Is the ‘market value of becoming Canadian’ dropping? Fewer immigrants are becoming citizens

One discussion point that has arisen in social media is the extent that Harper-era changes, making citizenship “harder to get and easier to lose,” are responsible for the decline.

The 2021 study is based upon the 2011-15 period, when all immigrants have met the residency requirements (5-9 years since landing). So while the Conservative government changes to language and knowledge were implemented in 2010-11, increased residency requirements and fees were not implemented until 2015, thus not impacting this study.

One area that needs to be considered is for the settlement sector to provide citizenship test preparation courses, given that the study confirms that lower levels of language fluency and education attainment correlate with lower naturalization.

It is unlikely that the current government will implement its 2019 and 2021 election commitment to eliminate citizenship fees (virtue signalling) but there is a case to waive these fees, at least partially, for lower income applicants.

… The findings confirm the worrisome trends identified by the research of the Institute for Canadian Citizenship that found a strong decline in the “market value of becoming Canadian.”

“This study shows that some of the people who are most likely to naturalize are the wealthiest and best educated,” said the institute’s CEO, Daniel Bernhard. “But we saw just a few weeks ago from Statistics Canada that the (recent) immigrants who are most likely to leave the country are exactly those.

“No matter which way you look at it, it’s clear that Canada’s appeal in the eyes of immigrants is fading. And if our growth strategy continues to be dependent on immigrants, that’s a real problem for our future viability.” 

Although office lockdowns and public health restrictions have caused backlogs and contributed to the disruptions of citizenship application processing, Statistics Canada said that only accounted for 40 per cent of the decline between 2016 and 2021.

The study compared the citizenship takeup among recent immigrants who arrived in Canada five to nine years before each census. It found that 75.4 per cent did so in 1996 and it gradually declined from 2006, when the Conservatives took power.

In the decade with the Tories at the helm, the “knowledge of Canada” test was strengthened, language requirements increased, citizenship application fees rose and the physical presence requirements for citizenship were changed from three of four years preceding application to four of six years. The naturalization rate subsequently dropped to 60 per cent.

After Prime Minister Justin Trudeau’s Liberals came into power, the federal government restored the residency requirement to three of five years, and moved the upper age limit for the exemption to the language and knowledge test from 64 back to 54, the report notes. The citizenship fee for minors was also reduced in 2018.

However, these changes have failed to reverse the trends, with the citizenship naturalization rate falling a further 14.7 per cent between 2016 and 2021, said Statistics Canada, which, in an earlier report, also found a significant number of immigrants are leaving the country after initial arrival.

“Other more global events also likely play a role,” said the report. “Significant economic development in some source countries, such as China and India, could encourage immigrants from these regions to maintain their source-country passports and reduce their motivation to become Canadian citizens.”

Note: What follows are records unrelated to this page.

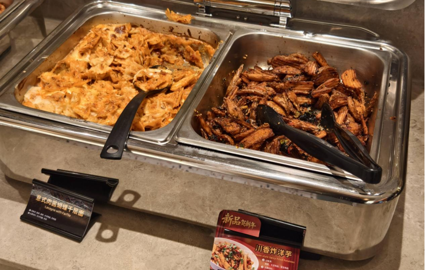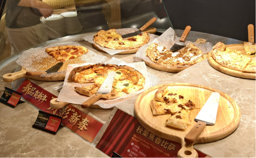 与此相似的是,记者前几天探访比格比萨发现,比格小食区的酱料选择,除了常见的甜辣、番茄、沙拉,还有贵州酸汤、罗望子等少见风味,主食区的新品是泰式冬阴功意面,意面旁又摆着日式寿司与中式凉菜、蒜蓉金针菇。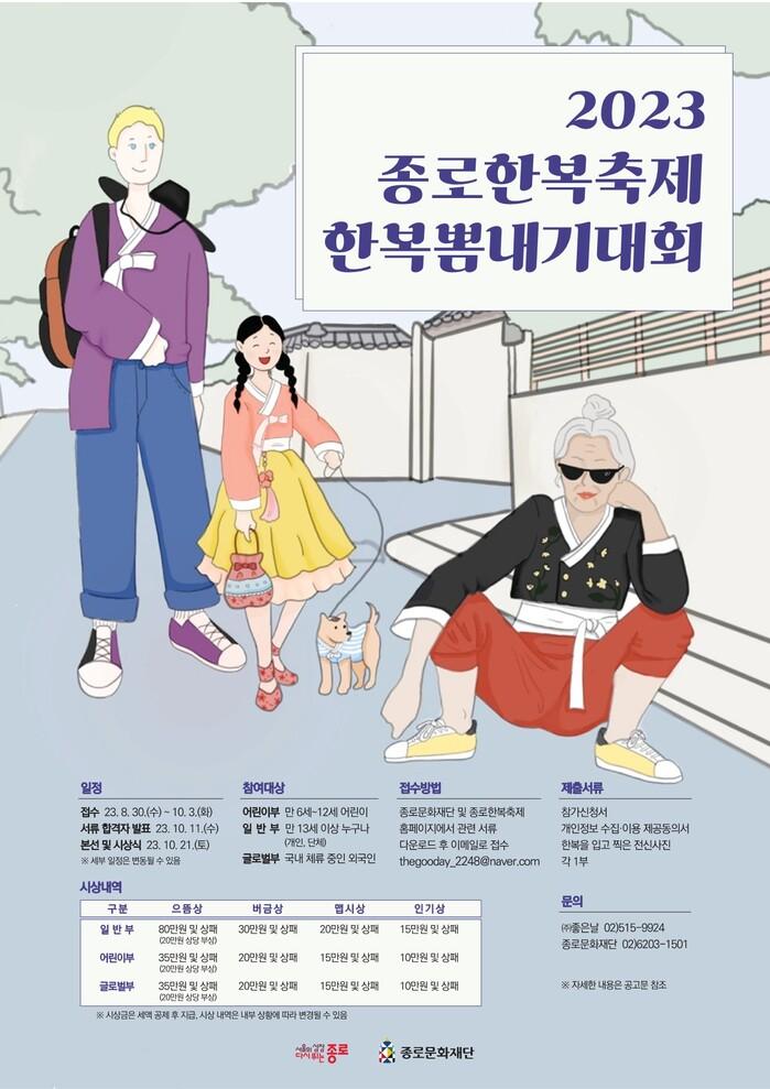 [시민일보 = 이대우 기자] 서울 종로구(구청장 정문헌)가 오는 10월3일까지 종로한복축제를 대표하는 시민참여 프로그램 ‘2023 한복뽐내기대회’ 참가자를 모집한다.
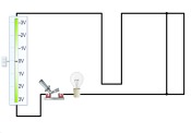 Kita grandinė, kur lygiagrečiai sujungta lemputė su rite. Išjungus grandinę, rodoma srovės kryptis, o pakeitus ritės parametrus – lemputė perdega (rodomi srovės stipriai).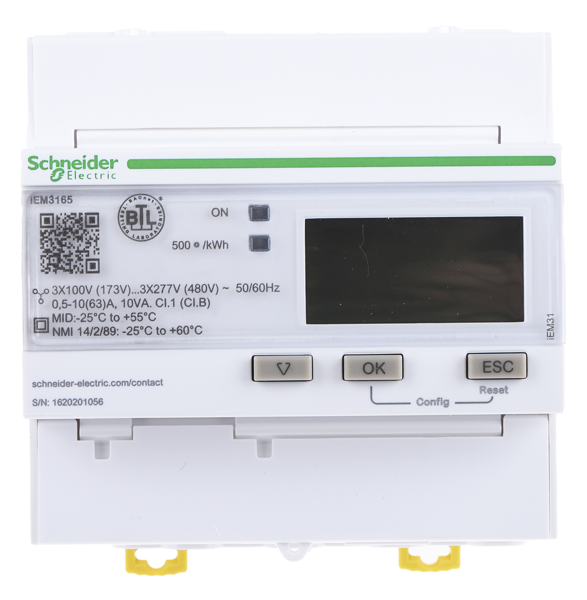 This is Acti 9 iEM3000 LCD Digital Power Meter 9-Digits 3 Phase manufactured by Schneider Electric. The manufacturer part number is A9MEM3165. Is it a better world product? yes. It features a remarkable lcd display. A bespoke product is a robust electronic meter with various applications. It has a minimum 0kwh measurement capacity . In addition, it has a pulse output characteristic yes . The product acti 9 iem3000, is a highly preferred choice for users. Its measurement range is 0 → 99999999.9 kwh, maximum of 63a . It contains 9 digits . Better World Verification Options - green premium. It has a maximum 63 a, 99999999.9 kwh measurement . The product comes in 69mm depth. The product has +55°c maximum temperature. The product complies with ce, culus, en 50470-3, iec 60529, iec 61010, iec 61036, iec 61557-12, iec 62053-21, iec 62053-23, mid conforming to en 50470-1, mid conforming to en 50470-3, ul 61010-1. While its minimum temperature is -25°c. Whereas it is comprised of 3 phases.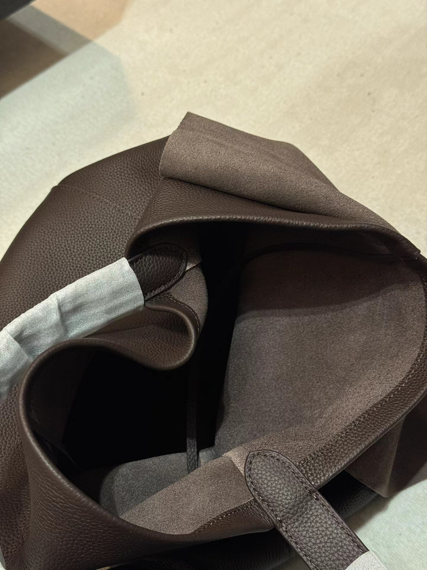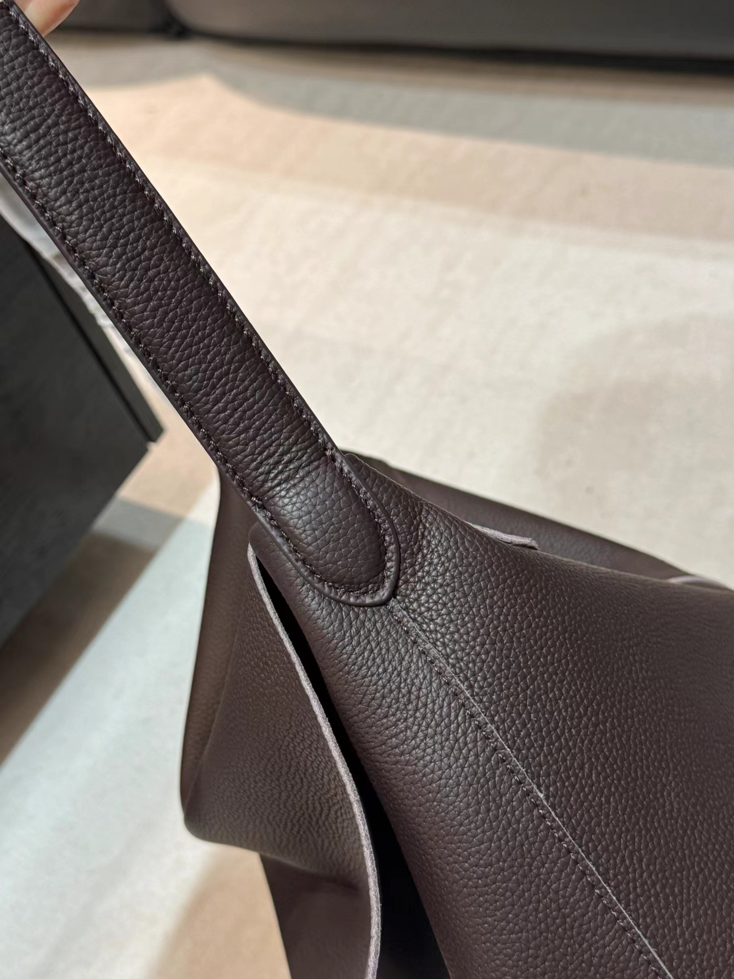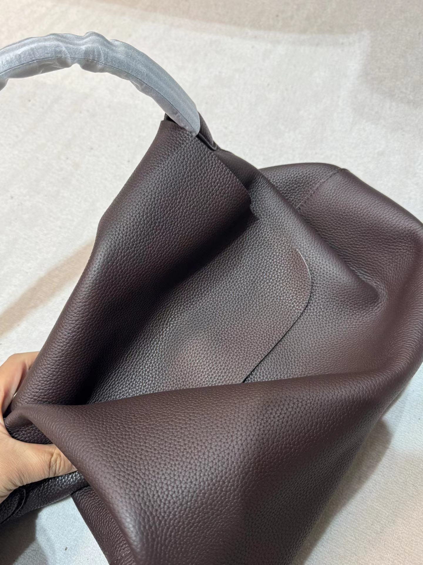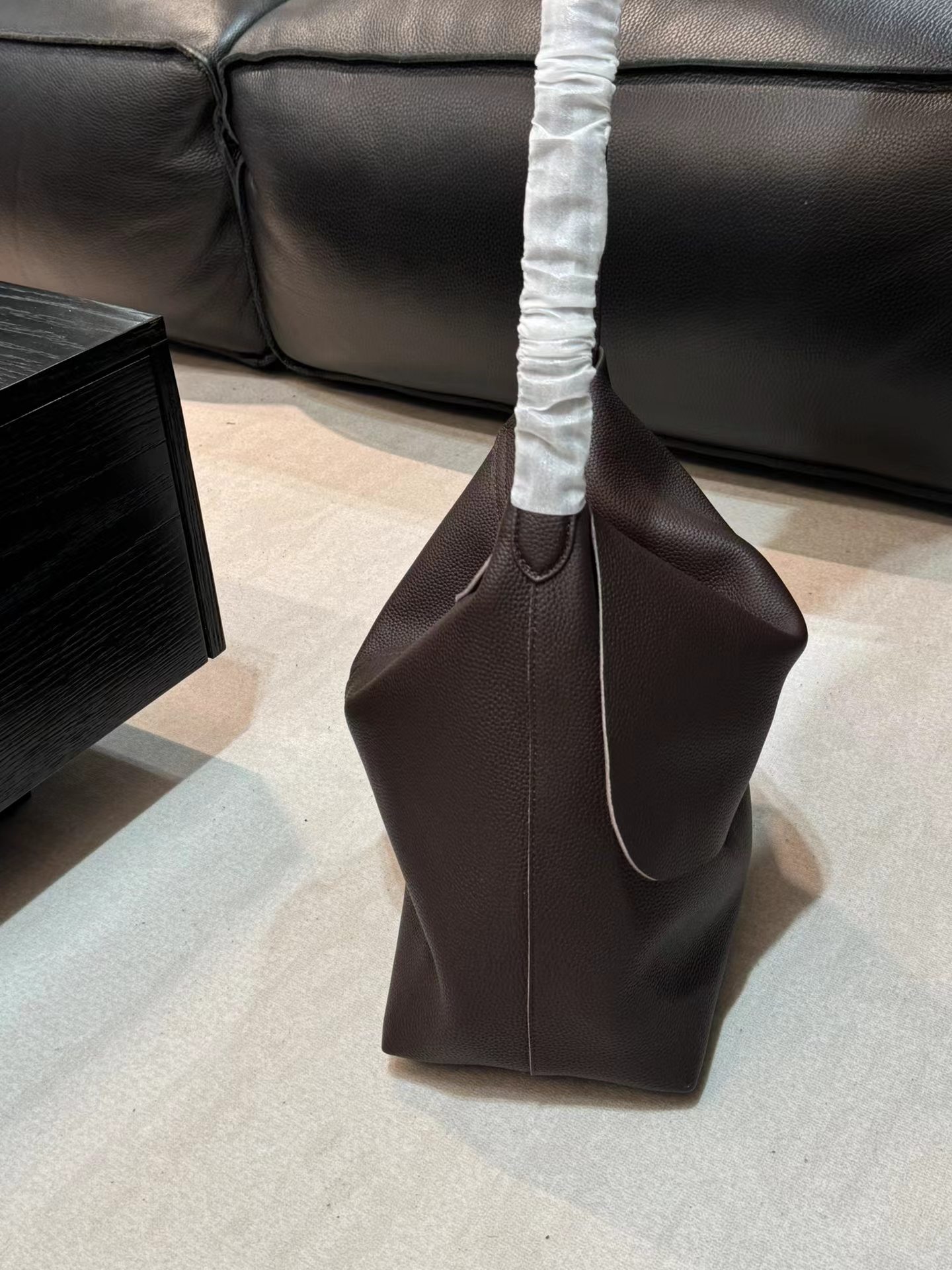 头层牛皮腋下托特包水桶 慵懒松弛感 小众设计打破常规简约造型 轻若无物却质感爆棚 柔软包身 适合四季 空间格局很能装 黑棕两色 实用性与质感于一身的托特包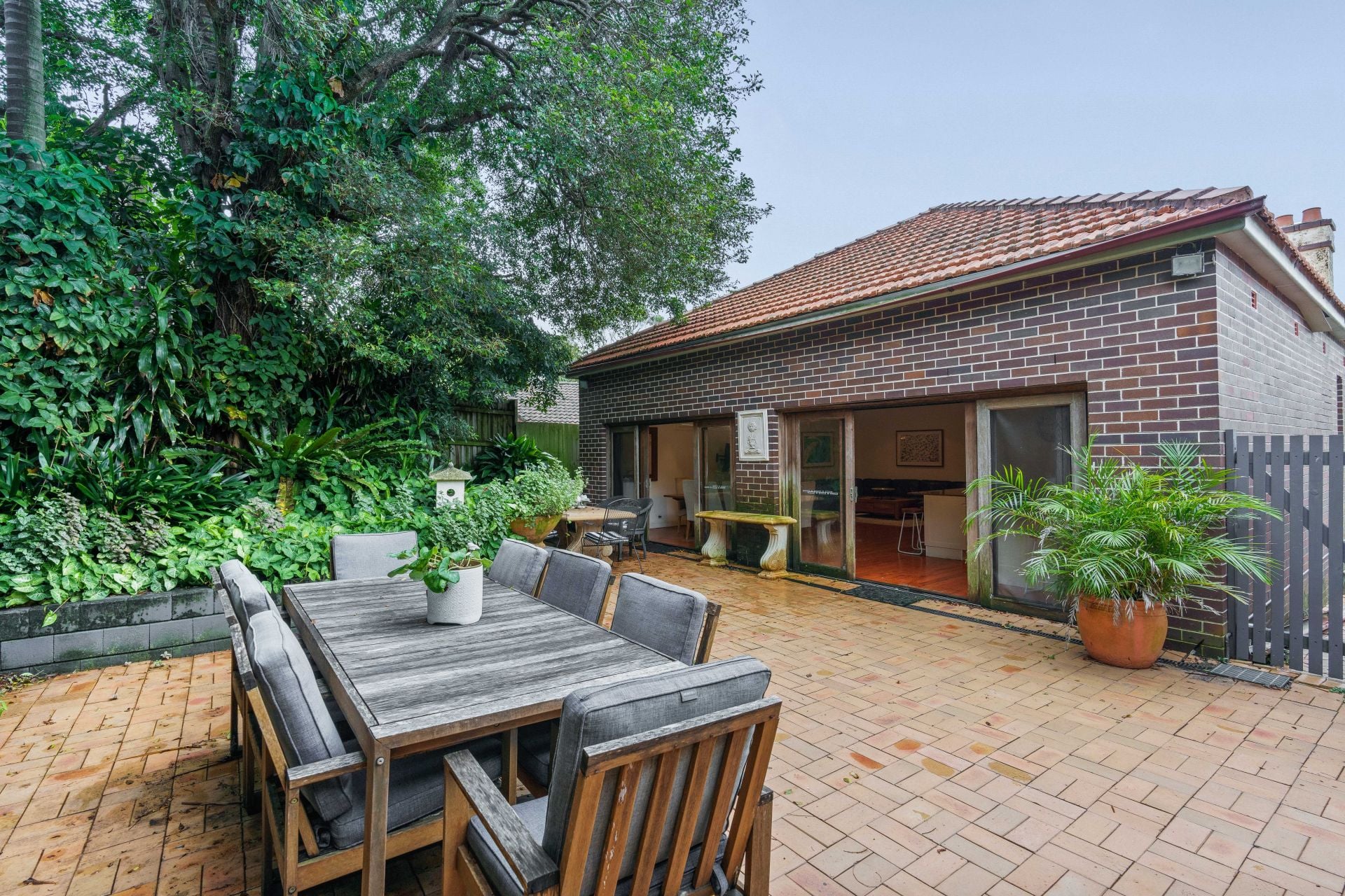 * Sundrenched paved back yard, perfect for entertaining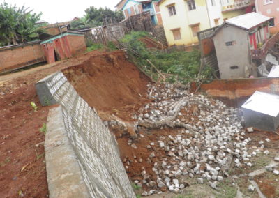 Suite à des malfaçons, un mur de soutènement s’est écroulé mettant en danger, à la prochaine saison des pluies, l’habitation voisine. Il y avait donc urgence à reconstruire sans attendre d’hypothétiques recours juridiques contre le constructeur.
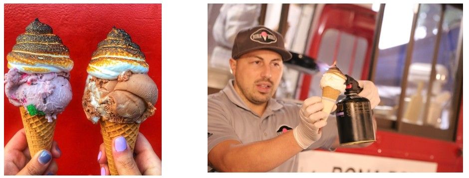 アイスクリームの上にマシュマロを絞り、バーナーで焦がすアイスクリームは、特に女性に大人気とのことです。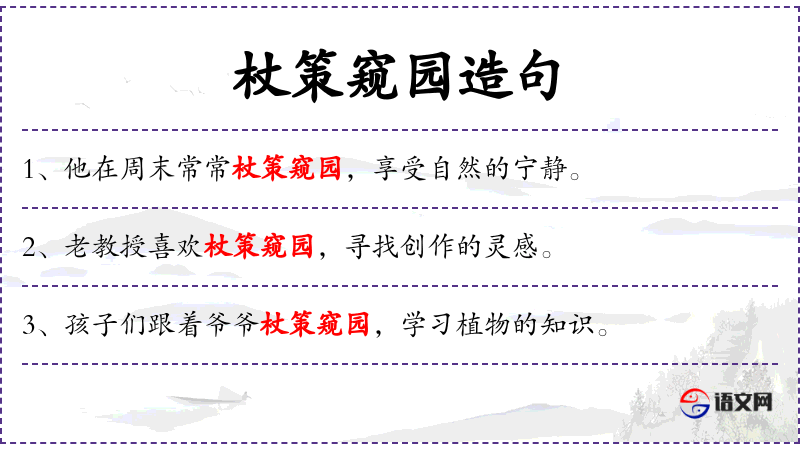 1. 【杖策窥园】 - 杖策:拄杖。扶着拐杖,也要去园中看看。指不读死书,而是要观察、了解社会。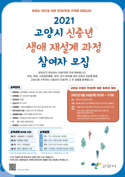한편, 시는 이번 과정과 더불어 오는 24일 킨텍스 제1전시장에서‘고양시 신중년 인생 2막 희망 토론회’를 개최, 전문가와 함께 행복한 인생 2막의 노하우 및 다양한 사례를 공유할 예정이다. 포스터 하단에 표기된 URL 또는 QR코드를 스캔해 구글 설문지로 신청하면 된다.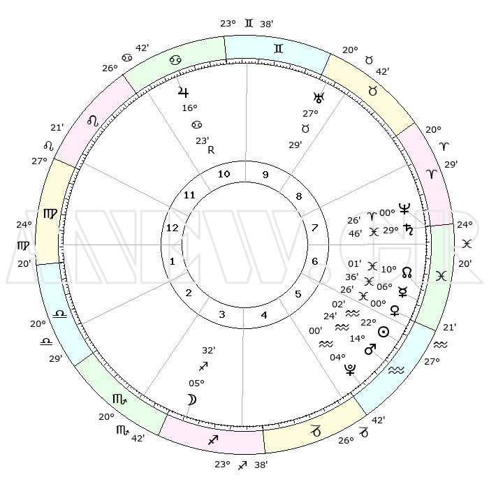 | | ΘΕΣΕΙΣ ΠΛΑΝΗΤΩΝ ΑΣΤΡΟΛΟΓΙΚΟΥ ΧΑΡΤΗ ΤΗΣ ΣΤΙΓΜΗΣ ΑΥΤΗΣ | | | | Πλανήτης | Ζώδιο | Μοίρες | Δεκαήμ. | Σε οίκο | Απόκλιση | | Ακμές των οίκων | | Ηλιος | Υδροχόος | 21°59' | Τρίτο | 6 | 14 S 11 | | 1ος | 08°25' | Παρθένος | | Σελήνη | Τοξότης | 04°54' | Πρώτο | 3 | 26 S 16 | | 2ος | 03°08' | Ζυγός | | Ερμής | Ιχθείς | 06°30' | Πρώτο | 6 | 09 S 51 | | 3ος | 02°28' | Σκορπιός | | Αφροδίτη | Ιχθείς | 00°22' | Πρώτο | 6 | 12 S 42 | | 4ος | 05°26' | Τοξότης | | Αρης | Υδροχόος | 14°22' | Δεύτερο | 6 | 17 S 33 | | 5ος | 09°06' | Αιγόκερως | | Δίας | Καρκίνος | 16°23'R | Δεύτερο | 11 | 22 N 45 | | 6ος | 10°29' | Υδροχόος | | Κρόνος | Ιχθείς | 29°45' | Τρίτο | 7 | 02 S 04 | | 7ος | 08°25' | Ιχθείς | | Ουρανός | Ταύρος | 27°29' | Τρίτο | 9 | 19 N 25 | | 8ος | 03°08' | Κριός | | Ποσειδώνας | Κριός | 00°26' | Πρώτο | 7 | 01 S 02 | | 9ος | 02°28' | Ταύρος | | Πλούτωνας | Υδροχόος | 04°00' | Πρώτο | 5 | 22 S 58 | | 10ος | 05°25' | Δίδυμοι | | Β. Δεσμός | Ιχθείς | 10°01' | Δεύτερο | 7 | 07 S 49 | | 11ος | 09°06' | Καρκίνος | | Ωροσκόπος | Παρθένος | 08°25' | Πρώτο | | | 12ος | 10°29' | Λέων | | Μεσουράνημα | Δίδυμοι | 05°25' | Πρώτο | | | |

The study also found the fall in citizenship rates over the past 25 years varied by demographics:

•Families with household income between $10,000 and $30,000 annual saw a 35.9-percentage-point drop, compared to a 13.5-point decline among those making over $100,000 a year;

•Those who did not complete high school saw a 39-percentage-point drop compared to 29 points for those with a university degree;•Newcomers whose mother tongue was not an official language registered a 32-percentage-point decline in naturalization rate versus just a 19-point fall among those with English or French as first language;

•Before 2006, StatCan calculated that the group of immigrants with all three characteristics of low income, education and language skills was more likely to acquire Canadian citizenship than the most advantaged group, but the pattern reversed after that; in 2021, the citizenship rate was 1.5 times higher among the most advantaged group than among the disadvantaged. 

•Immigrants from some non-western countries who traditionally were more likely to acquire Canadian citizenship now more closely resembled their counterparts from developed nations in citizenship uptake.

Bernhard said the report speaks to the need for greater policy intervention to address the question of why people want to become Canadian, as well as their experience here and commitment to the country, and what they’re getting from and giving to Canada.

Some advantages that used to be reserved for citizens such as jobs in the federal government and military are now open to permanent residents, which removes the incentive for some to acquiring citizenship, said Bernhard, adding that immigrants need to have positive experiences and strong connections to feel belonged.

“That’s the difference between residency and citizenship,” he said. “That’s the difference between, you know, Dubai and Canada, both of which have large foreign-born populations. Only one of them allows you to be an owner of the society.

“That’s Canada, where citizenship remains very accessible. And if that ownership is no longer desirable, that’s a really shocking signal to the rest of us that we have deeper issues to reflect upon and resolve.”